_Exercise_
Please write out only the lines from the line with "Verano 2025 Nuevo" to the line with "在王府井食品商場鱗次櫛比的商", inclusive, exactly as they stand below, without the pictures.

_Dataset excerpts_
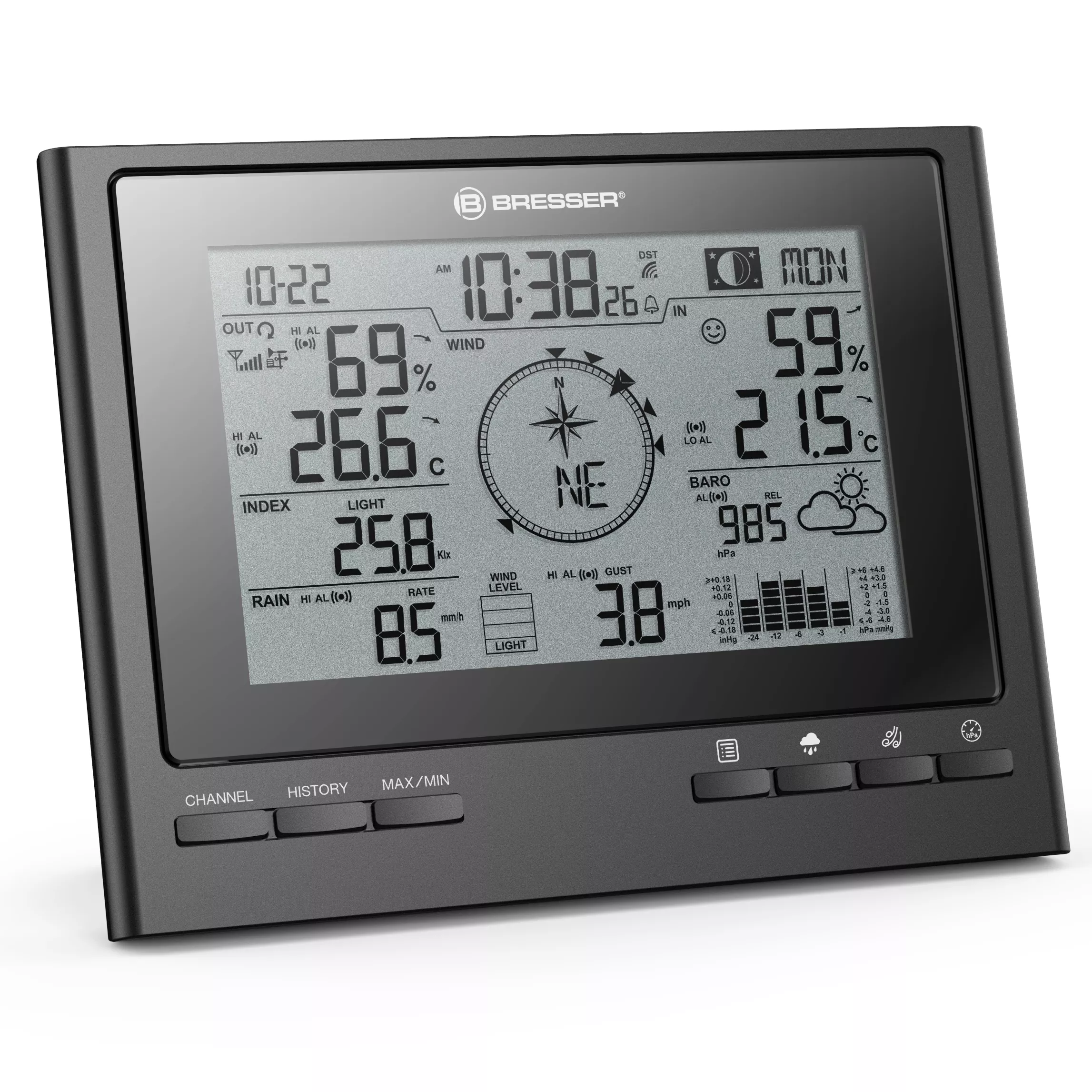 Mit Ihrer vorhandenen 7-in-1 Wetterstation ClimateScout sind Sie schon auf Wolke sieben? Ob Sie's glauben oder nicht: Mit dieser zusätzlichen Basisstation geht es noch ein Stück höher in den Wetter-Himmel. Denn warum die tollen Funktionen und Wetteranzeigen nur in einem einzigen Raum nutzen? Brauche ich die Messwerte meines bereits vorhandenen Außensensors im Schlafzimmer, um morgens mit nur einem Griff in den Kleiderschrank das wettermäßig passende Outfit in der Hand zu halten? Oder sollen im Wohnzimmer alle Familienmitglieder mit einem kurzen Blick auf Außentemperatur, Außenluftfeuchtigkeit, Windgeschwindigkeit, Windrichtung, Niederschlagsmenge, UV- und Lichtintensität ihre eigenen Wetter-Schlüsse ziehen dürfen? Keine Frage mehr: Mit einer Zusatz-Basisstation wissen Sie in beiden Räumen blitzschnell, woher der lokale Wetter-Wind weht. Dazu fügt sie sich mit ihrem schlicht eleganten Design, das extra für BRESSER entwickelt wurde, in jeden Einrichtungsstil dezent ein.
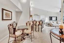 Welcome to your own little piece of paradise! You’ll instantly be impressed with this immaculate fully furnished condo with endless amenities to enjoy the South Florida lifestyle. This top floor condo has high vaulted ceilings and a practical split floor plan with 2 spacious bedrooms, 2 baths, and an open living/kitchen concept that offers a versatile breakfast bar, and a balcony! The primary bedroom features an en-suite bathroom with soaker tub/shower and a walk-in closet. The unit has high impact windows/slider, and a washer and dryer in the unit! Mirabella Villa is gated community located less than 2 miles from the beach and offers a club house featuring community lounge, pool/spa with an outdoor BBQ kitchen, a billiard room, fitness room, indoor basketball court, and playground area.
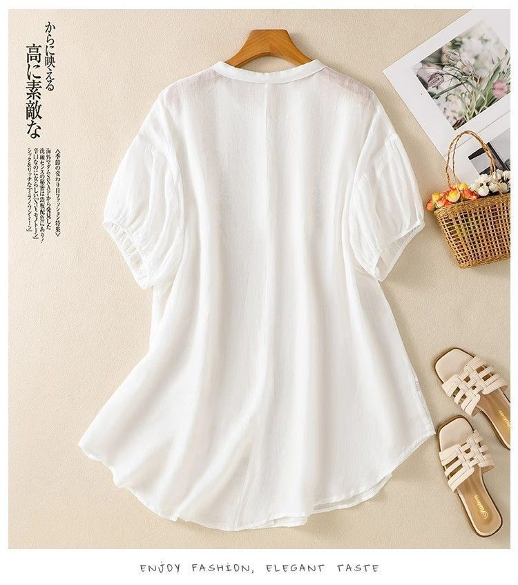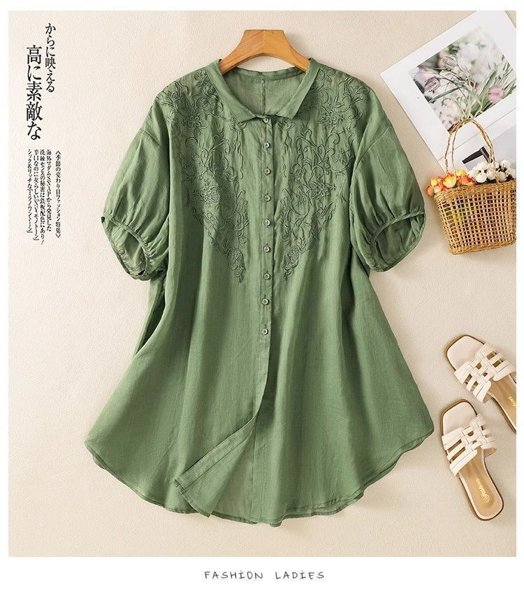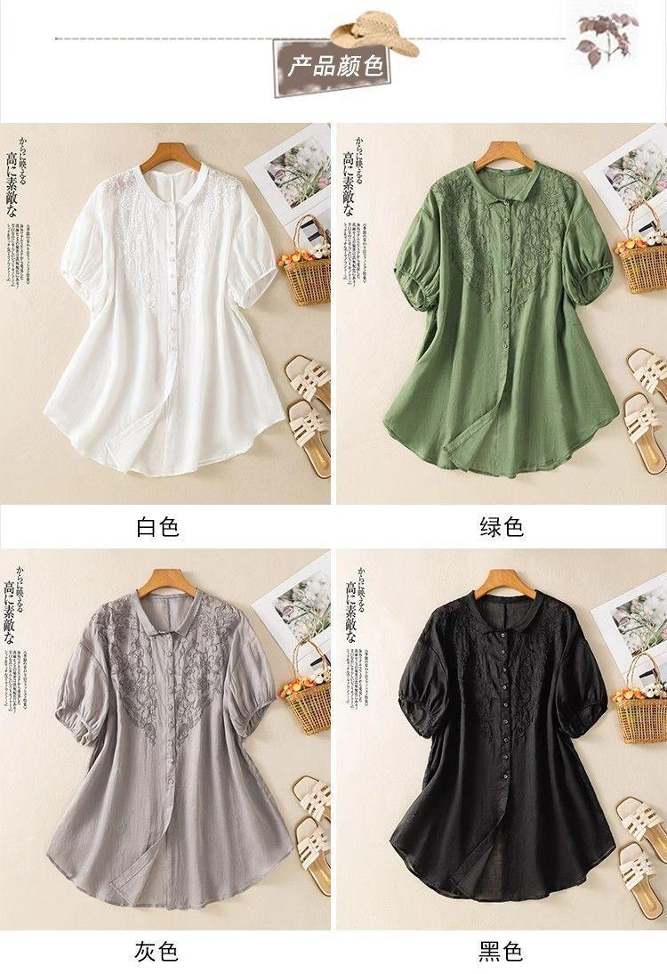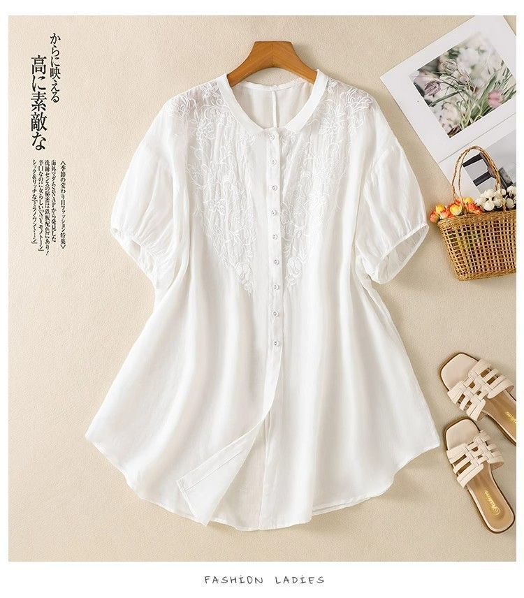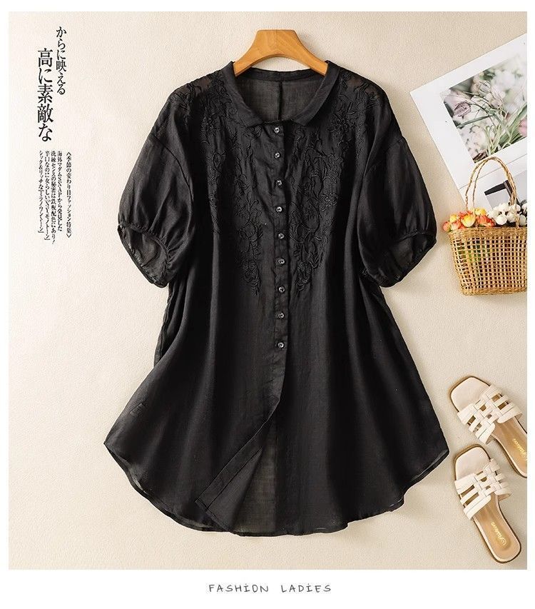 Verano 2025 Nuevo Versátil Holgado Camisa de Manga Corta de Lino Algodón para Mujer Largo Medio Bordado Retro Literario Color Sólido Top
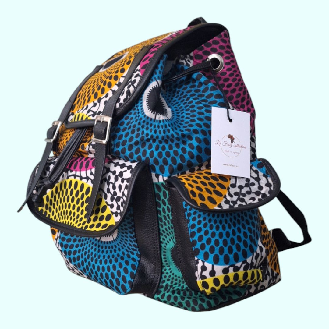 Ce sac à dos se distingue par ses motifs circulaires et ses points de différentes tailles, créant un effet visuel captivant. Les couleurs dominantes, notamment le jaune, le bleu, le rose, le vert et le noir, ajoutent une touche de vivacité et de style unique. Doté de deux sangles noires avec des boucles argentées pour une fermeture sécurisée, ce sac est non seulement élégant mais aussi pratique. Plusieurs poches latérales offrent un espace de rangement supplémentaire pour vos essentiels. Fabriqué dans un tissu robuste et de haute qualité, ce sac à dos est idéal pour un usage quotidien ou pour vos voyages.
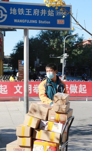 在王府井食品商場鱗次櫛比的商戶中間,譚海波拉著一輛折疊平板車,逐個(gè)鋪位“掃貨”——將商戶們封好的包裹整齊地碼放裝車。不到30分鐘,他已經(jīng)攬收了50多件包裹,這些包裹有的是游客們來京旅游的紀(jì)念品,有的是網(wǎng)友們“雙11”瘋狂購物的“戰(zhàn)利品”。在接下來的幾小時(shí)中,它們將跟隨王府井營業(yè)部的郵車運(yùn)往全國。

...

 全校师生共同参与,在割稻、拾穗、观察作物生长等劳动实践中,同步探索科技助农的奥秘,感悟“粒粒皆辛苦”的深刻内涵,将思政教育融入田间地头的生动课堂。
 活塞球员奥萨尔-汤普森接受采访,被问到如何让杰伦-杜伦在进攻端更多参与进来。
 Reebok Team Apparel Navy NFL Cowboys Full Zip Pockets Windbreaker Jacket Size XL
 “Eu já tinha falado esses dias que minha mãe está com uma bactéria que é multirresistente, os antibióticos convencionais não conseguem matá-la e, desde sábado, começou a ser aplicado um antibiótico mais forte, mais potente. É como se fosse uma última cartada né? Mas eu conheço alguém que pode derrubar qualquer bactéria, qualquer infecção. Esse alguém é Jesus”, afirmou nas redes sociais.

...

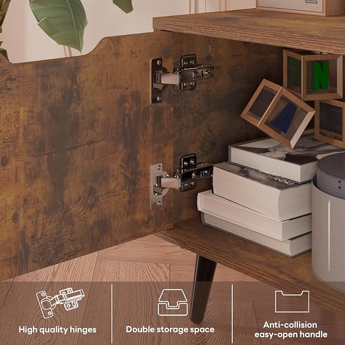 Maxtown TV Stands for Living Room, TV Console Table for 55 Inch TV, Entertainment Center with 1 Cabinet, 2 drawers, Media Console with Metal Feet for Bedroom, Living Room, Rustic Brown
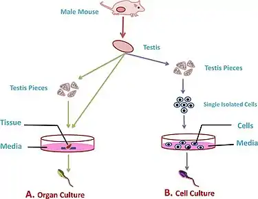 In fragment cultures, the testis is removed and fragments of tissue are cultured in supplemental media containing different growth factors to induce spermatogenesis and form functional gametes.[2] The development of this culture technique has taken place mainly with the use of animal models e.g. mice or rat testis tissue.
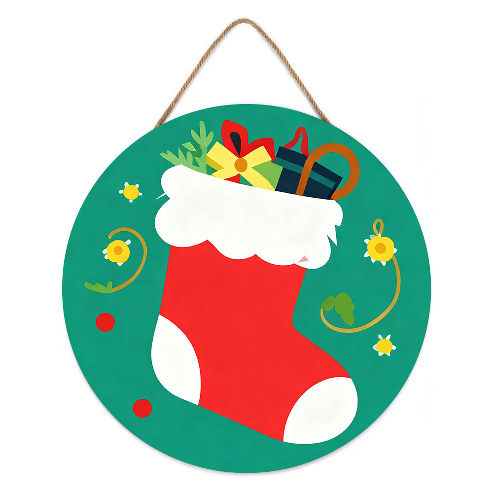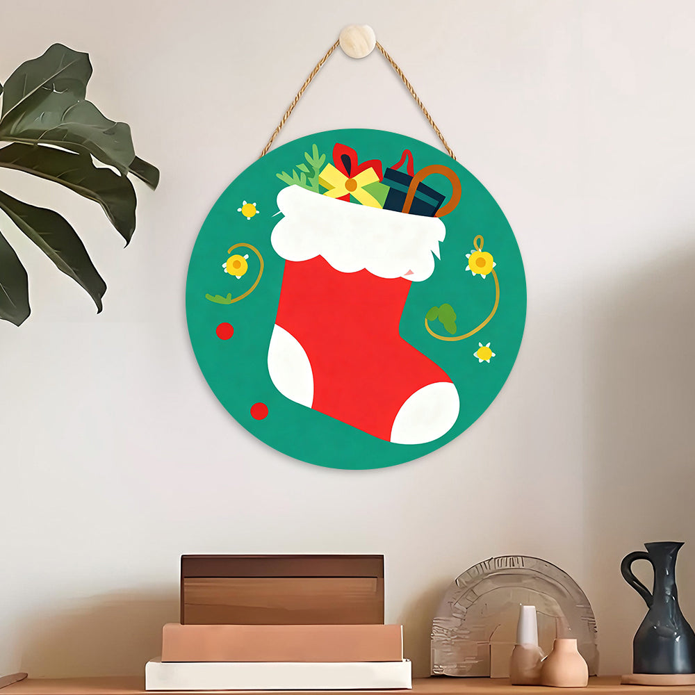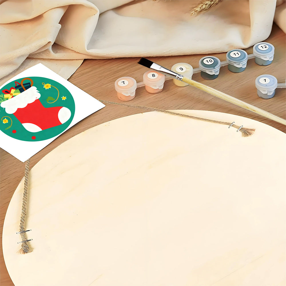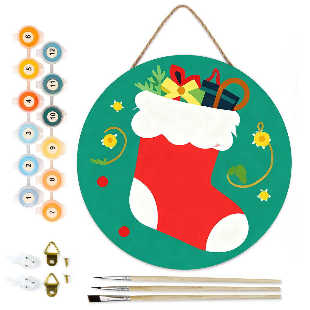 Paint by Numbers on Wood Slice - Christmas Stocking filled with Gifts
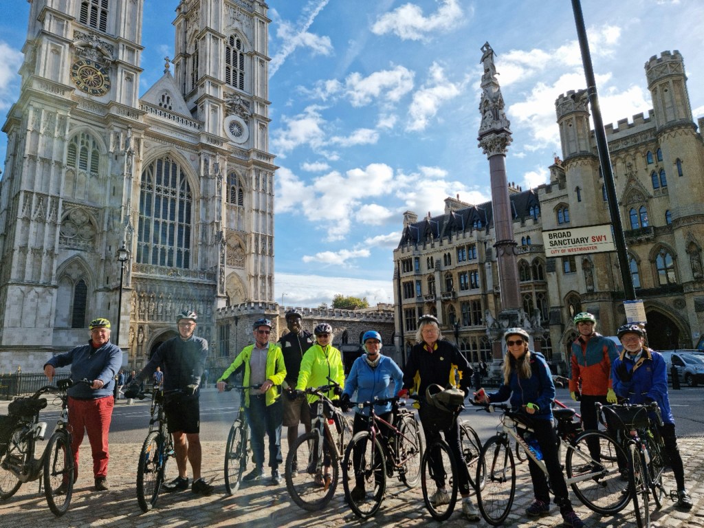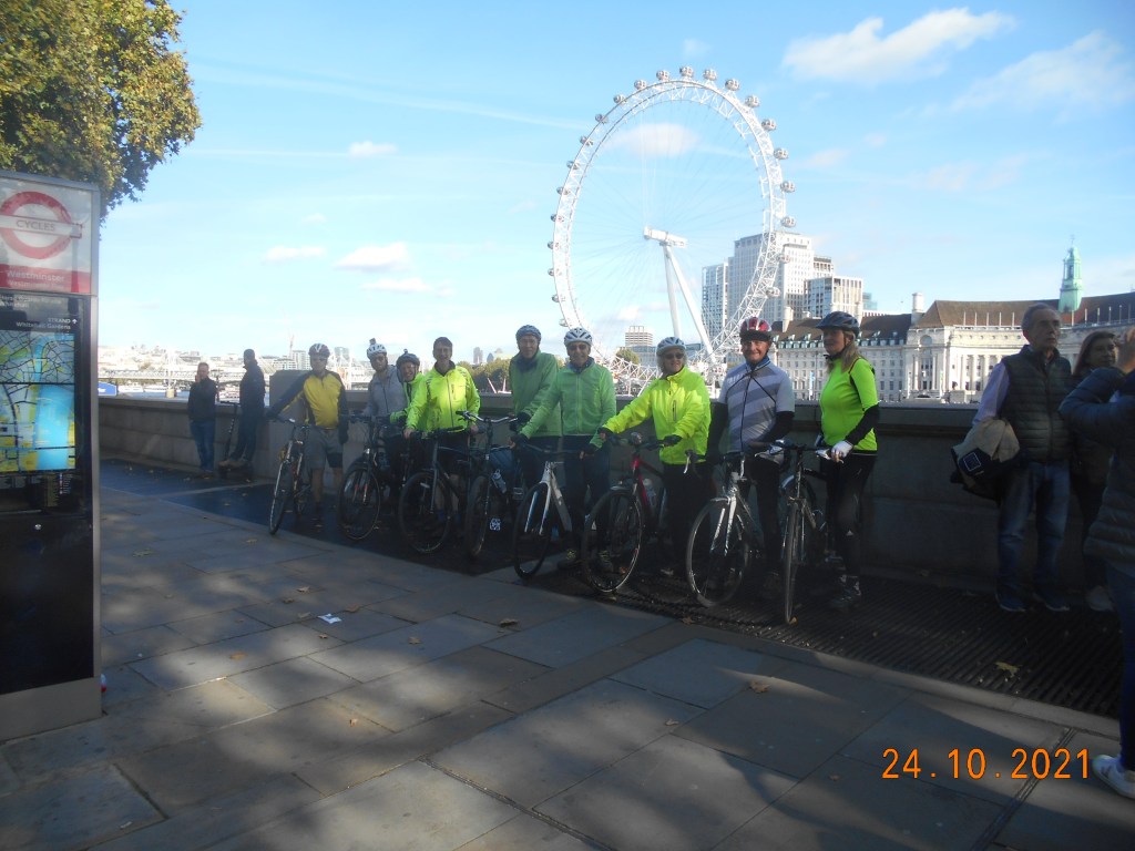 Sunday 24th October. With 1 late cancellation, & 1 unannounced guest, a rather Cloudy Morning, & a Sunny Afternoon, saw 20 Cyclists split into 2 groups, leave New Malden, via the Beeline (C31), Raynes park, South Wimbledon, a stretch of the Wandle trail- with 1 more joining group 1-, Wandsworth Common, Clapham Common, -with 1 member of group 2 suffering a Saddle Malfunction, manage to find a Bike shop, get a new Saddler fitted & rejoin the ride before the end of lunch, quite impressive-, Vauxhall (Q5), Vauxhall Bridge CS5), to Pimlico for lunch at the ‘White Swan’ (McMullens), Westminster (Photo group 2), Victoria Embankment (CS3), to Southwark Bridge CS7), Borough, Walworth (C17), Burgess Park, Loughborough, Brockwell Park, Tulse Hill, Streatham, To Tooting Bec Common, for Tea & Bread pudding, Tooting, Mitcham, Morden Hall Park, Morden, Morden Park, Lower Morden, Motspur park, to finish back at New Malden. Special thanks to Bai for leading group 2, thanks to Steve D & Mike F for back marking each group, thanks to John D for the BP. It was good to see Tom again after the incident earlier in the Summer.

_Response to this task_
 Verano 2025 Nuevo Versátil Holgado Camisa de Manga Corta de Lino Algodón para Mujer Largo Medio Bordado Retro Literario Color Sólido Top
 Ce sac à dos se distingue par ses motifs circulaires et ses points de différentes tailles, créant un effet visuel captivant. Les couleurs dominantes, notamment le jaune, le bleu, le rose, le vert et le noir, ajoutent une touche de vivacité et de style unique. Doté de deux sangles noires avec des boucles argentées pour une fermeture sécurisée, ce sac est non seulement élégant mais aussi pratique. Plusieurs poches latérales offrent un espace de rangement supplémentaire pour vos essentiels. Fabriqué dans un tissu robuste et de haute qualité, ce sac à dos est idéal pour un usage quotidien ou pour vos voyages.
 在王府井食品商場鱗次櫛比的商戶中間,譚海波拉著一輛折疊平板車,逐個(gè)鋪位“掃貨”——將商戶們封好的包裹整齊地碼放裝車。不到30分鐘,他已經(jīng)攬收了50多件包裹,這些包裹有的是游客們來京旅游的紀(jì)念品,有的是網(wǎng)友們“雙11”瘋狂購物的“戰(zhàn)利品”。在接下來的幾小時(shí)中,它們將跟隨王府井營業(yè)部的郵車運(yùn)往全國。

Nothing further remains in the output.